(Dataset records)
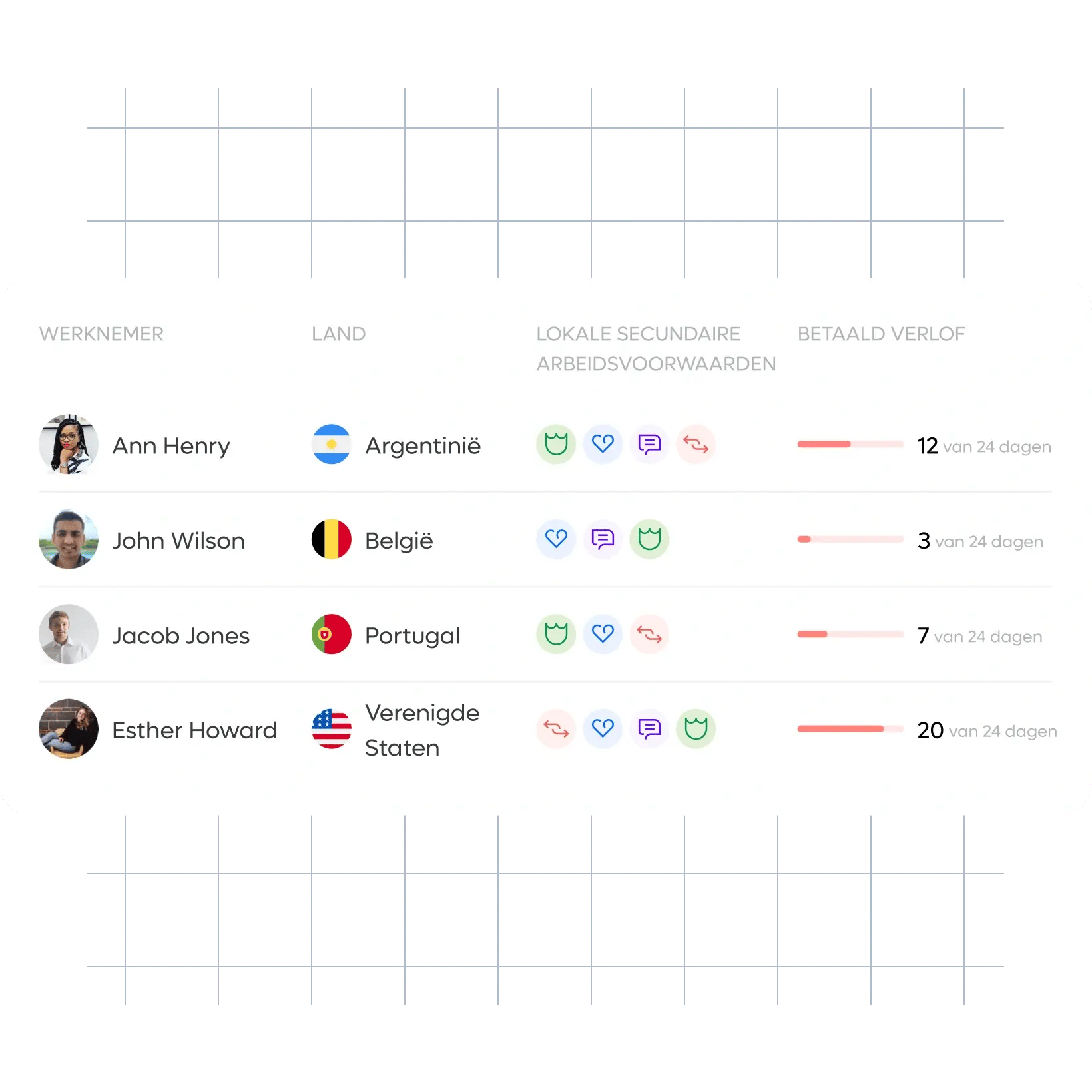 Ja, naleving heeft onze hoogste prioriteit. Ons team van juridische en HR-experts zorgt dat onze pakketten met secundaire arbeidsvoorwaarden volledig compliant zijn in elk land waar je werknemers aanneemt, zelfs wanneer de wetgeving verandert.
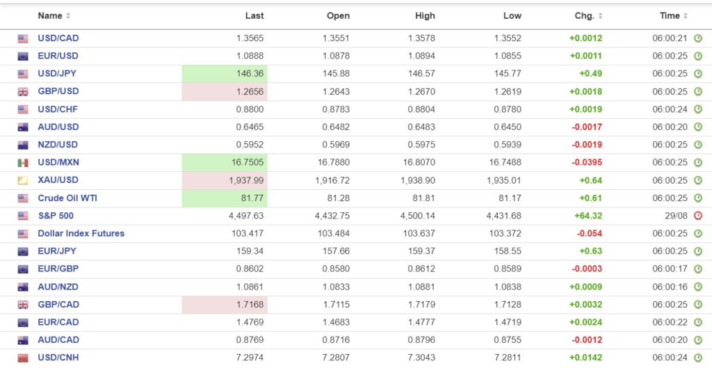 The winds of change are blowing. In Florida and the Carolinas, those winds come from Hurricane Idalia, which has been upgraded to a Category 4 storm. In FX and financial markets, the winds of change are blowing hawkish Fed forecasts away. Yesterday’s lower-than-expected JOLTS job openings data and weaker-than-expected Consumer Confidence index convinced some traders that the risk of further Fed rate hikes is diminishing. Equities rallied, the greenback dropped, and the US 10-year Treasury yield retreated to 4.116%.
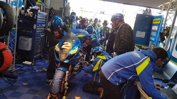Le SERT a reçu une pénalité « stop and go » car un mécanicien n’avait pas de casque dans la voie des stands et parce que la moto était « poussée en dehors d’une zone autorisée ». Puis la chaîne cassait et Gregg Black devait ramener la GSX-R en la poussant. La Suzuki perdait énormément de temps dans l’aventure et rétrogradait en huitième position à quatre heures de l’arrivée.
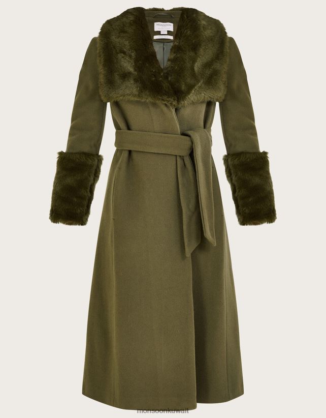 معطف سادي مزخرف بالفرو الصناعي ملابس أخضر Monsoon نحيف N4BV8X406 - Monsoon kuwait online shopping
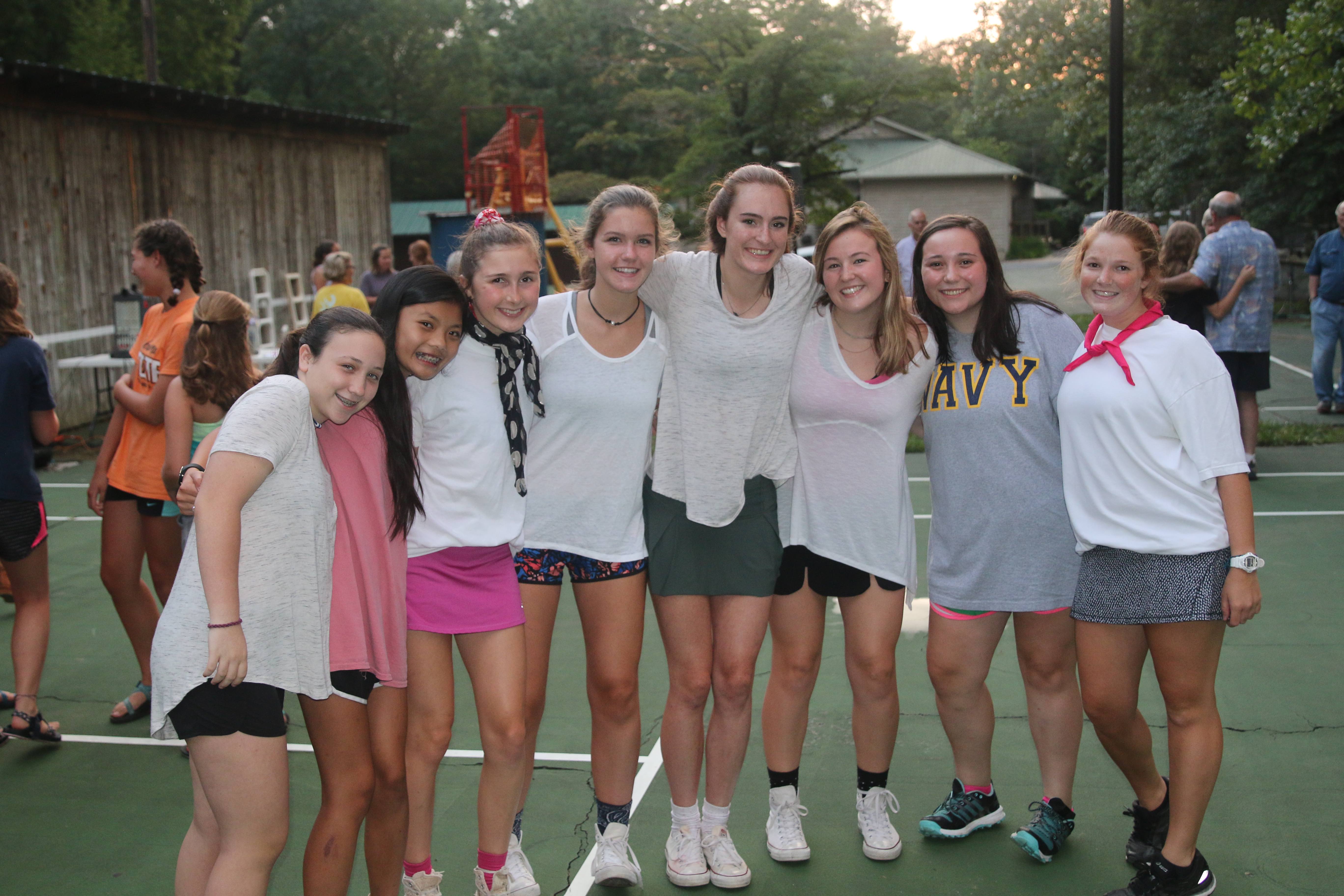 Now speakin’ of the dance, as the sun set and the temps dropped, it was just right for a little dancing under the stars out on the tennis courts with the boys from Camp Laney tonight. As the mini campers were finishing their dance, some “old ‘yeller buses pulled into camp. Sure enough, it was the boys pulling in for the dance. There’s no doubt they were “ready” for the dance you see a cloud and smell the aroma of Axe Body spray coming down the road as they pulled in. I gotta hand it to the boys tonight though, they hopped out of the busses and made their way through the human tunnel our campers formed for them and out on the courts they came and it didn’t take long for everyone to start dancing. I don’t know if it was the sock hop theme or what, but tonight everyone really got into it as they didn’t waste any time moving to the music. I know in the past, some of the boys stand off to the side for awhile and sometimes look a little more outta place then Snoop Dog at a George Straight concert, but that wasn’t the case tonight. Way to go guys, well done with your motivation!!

• Exercise:
Return nothing except the lines from the line with "Le SERT a reçu" through the last line of the records above, copied exactly and without pictures.

• Answer space:
Le SERT a reçu une pénalité « stop and go » car un mécanicien n’avait pas de casque dans la voie des stands et parce que la moto était « poussée en dehors d’une zone autorisée ». Puis la chaîne cassait et Gregg Black devait ramener la GSX-R en la poussant. La Suzuki perdait énormément de temps dans l’aventure et rétrogradait en huitième position à quatre heures de l’arrivée.
 معطف سادي مزخرف بالفرو الصناعي ملابس أخضر Monsoon نحيف N4BV8X406 - Monsoon kuwait online shopping
 Now speakin’ of the dance, as the sun set and the temps dropped, it was just right for a little dancing under the stars out on the tennis courts with the boys from Camp Laney tonight. As the mini campers were finishing their dance, some “old ‘yeller buses pulled into camp. Sure enough, it was the boys pulling in for the dance. There’s no doubt they were “ready” for the dance you see a cloud and smell the aroma of Axe Body spray coming down the road as they pulled in. I gotta hand it to the boys tonight though, they hopped out of the busses and made their way through the human tunnel our campers formed for them and out on the courts they came and it didn’t take long for everyone to start dancing. I don’t know if it was the sock hop theme or what, but tonight everyone really got into it as they didn’t waste any time moving to the music. I know in the past, some of the boys stand off to the side for awhile and sometimes look a little more outta place then Snoop Dog at a George Straight concert, but that wasn’t the case tonight. Way to go guys, well done with your motivation!!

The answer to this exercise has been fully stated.